§ **Task details**
In this exercise, the entries below include pictures. Repeat exactly the lines from the line with "14일 오후 서울 여의도" to the line with "在广州某大学,为限制学生狂热", including both, but without the pictures.

§ **Data for the task**
★ ★ ★ ★ ★ ★ ★

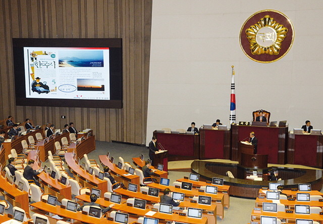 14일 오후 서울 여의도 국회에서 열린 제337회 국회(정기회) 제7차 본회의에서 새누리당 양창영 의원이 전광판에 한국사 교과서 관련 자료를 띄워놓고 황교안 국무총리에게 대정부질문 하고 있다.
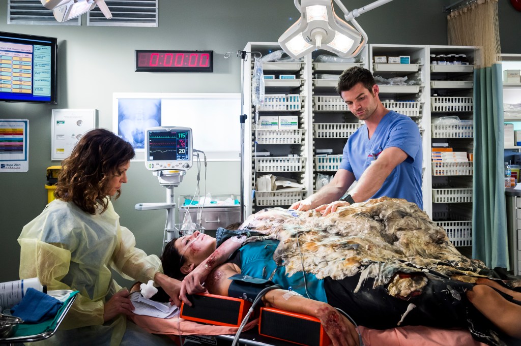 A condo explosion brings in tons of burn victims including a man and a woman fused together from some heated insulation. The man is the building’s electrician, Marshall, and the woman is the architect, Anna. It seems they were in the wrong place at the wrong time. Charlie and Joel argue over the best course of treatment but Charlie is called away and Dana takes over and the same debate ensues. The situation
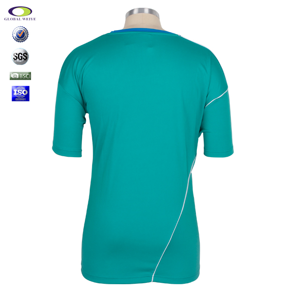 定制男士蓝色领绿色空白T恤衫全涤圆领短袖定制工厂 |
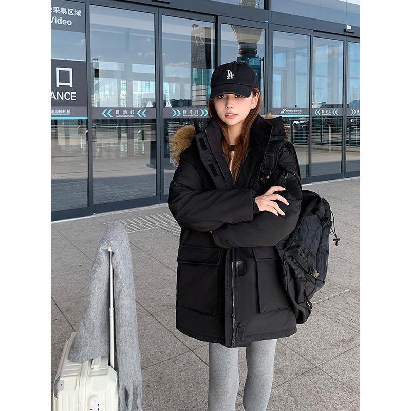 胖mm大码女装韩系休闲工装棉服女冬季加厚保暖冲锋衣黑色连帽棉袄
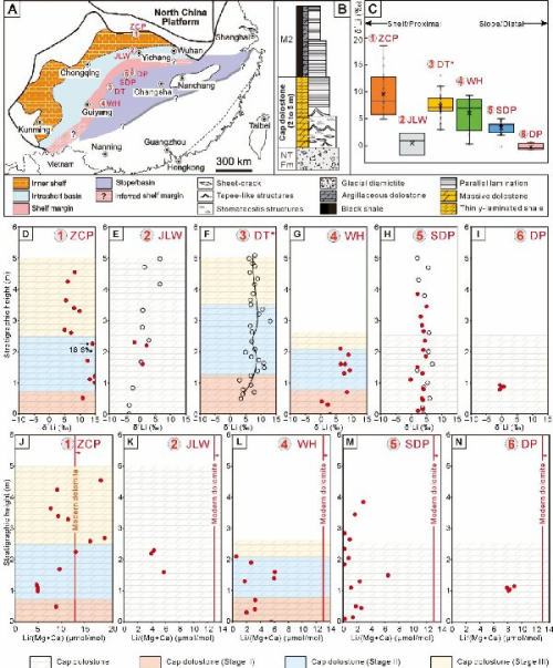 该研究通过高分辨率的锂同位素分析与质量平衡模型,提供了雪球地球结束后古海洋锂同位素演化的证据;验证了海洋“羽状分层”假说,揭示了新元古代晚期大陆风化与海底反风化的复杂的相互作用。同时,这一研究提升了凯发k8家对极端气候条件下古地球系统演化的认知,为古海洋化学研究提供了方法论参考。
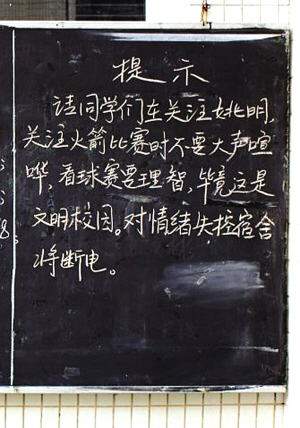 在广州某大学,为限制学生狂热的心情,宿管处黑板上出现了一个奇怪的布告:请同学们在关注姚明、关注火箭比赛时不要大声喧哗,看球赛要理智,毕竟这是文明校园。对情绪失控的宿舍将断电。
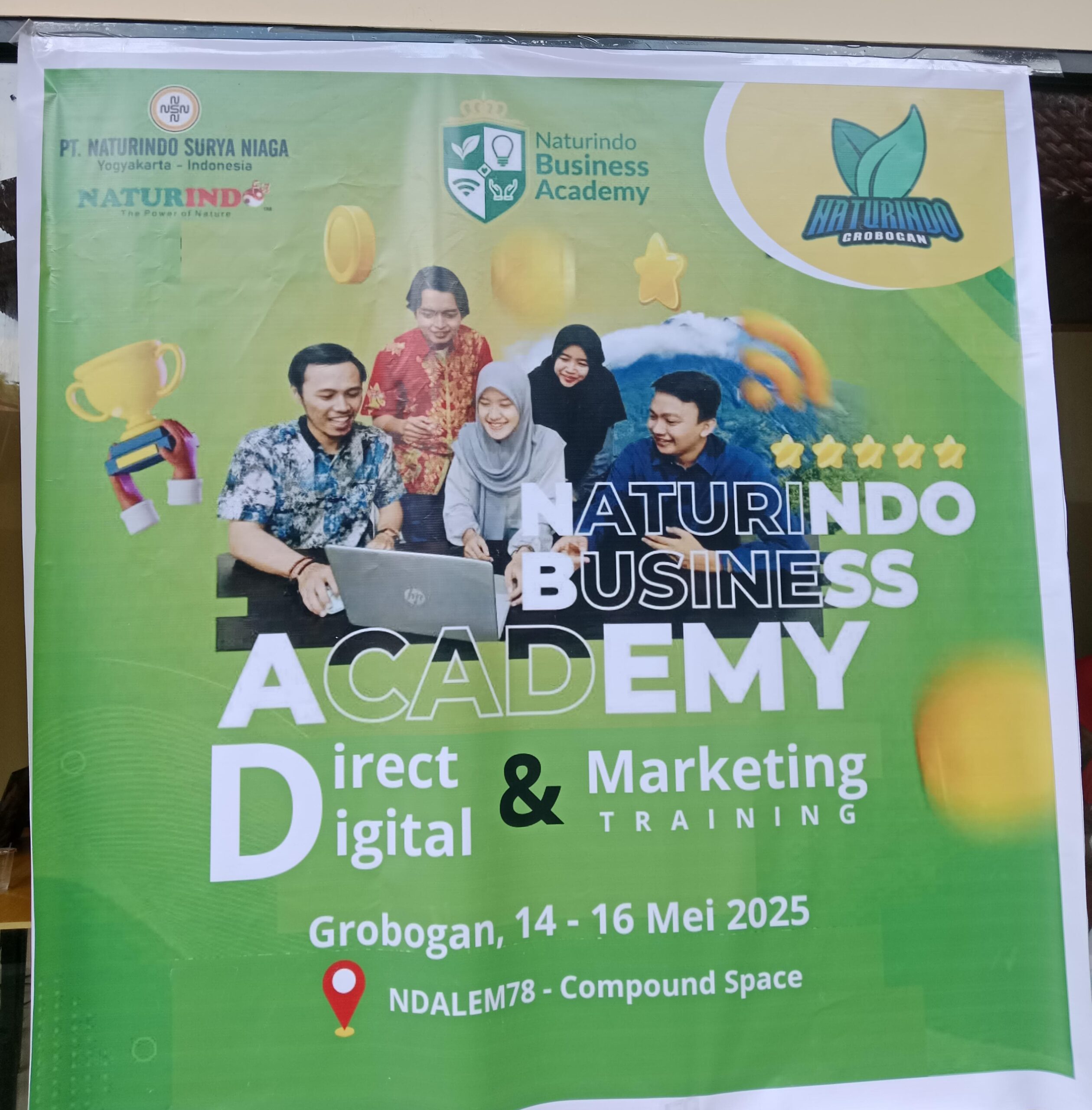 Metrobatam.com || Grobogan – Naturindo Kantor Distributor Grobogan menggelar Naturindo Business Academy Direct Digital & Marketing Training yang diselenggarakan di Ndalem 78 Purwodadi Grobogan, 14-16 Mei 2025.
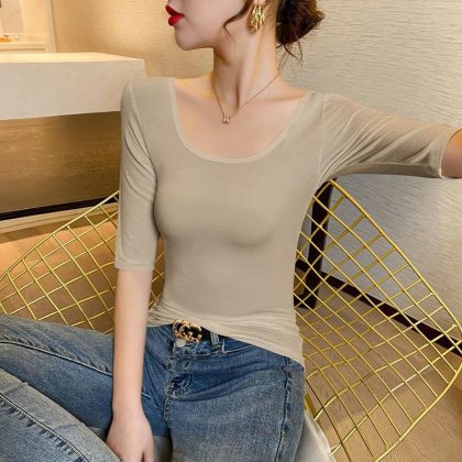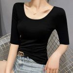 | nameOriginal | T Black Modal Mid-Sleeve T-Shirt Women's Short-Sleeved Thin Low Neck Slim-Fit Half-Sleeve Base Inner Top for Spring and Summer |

★ ★ ★ ★ ★ ★ ★

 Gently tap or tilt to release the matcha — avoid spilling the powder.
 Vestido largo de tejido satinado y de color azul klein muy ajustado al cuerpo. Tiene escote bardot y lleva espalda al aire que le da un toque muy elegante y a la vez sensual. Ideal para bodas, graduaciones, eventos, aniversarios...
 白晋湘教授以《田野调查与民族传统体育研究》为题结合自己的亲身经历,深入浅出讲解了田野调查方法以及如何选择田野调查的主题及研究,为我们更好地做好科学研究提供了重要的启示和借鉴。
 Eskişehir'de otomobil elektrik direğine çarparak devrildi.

★ ★ ★ ★ ★ ★ ★

§ **Result for this task**
 14일 오후 서울 여의도 국회에서 열린 제337회 국회(정기회) 제7차 본회의에서 새누리당 양창영 의원이 전광판에 한국사 교과서 관련 자료를 띄워놓고 황교안 국무총리에게 대정부질문 하고 있다.
 A condo explosion brings in tons of burn victims including a man and a woman fused together from some heated insulation. The man is the building’s electrician, Marshall, and the woman is the architect, Anna. It seems they were in the wrong place at the wrong time. Charlie and Joel argue over the best course of treatment but Charlie is called away and Dana takes over and the same debate ensues. The situation
 定制男士蓝色领绿色空白T恤衫全涤圆领短袖定制工厂 |
 胖mm大码女装韩系休闲工装棉服女冬季加厚保暖冲锋衣黑色连帽棉袄
 该研究通过高分辨率的锂同位素分析与质量平衡模型,提供了雪球地球结束后古海洋锂同位素演化的证据;验证了海洋“羽状分层”假说,揭示了新元古代晚期大陆风化与海底反风化的复杂的相互作用。同时,这一研究提升了凯发k8家对极端气候条件下古地球系统演化的认知,为古海洋化学研究提供了方法论参考。
 在广州某大学,为限制学生狂热的心情,宿管处黑板上出现了一个奇怪的布告:请同学们在关注姚明、关注火箭比赛时不要大声喧哗,看球赛要理智,毕竟这是文明校园。对情绪失控的宿舍将断电。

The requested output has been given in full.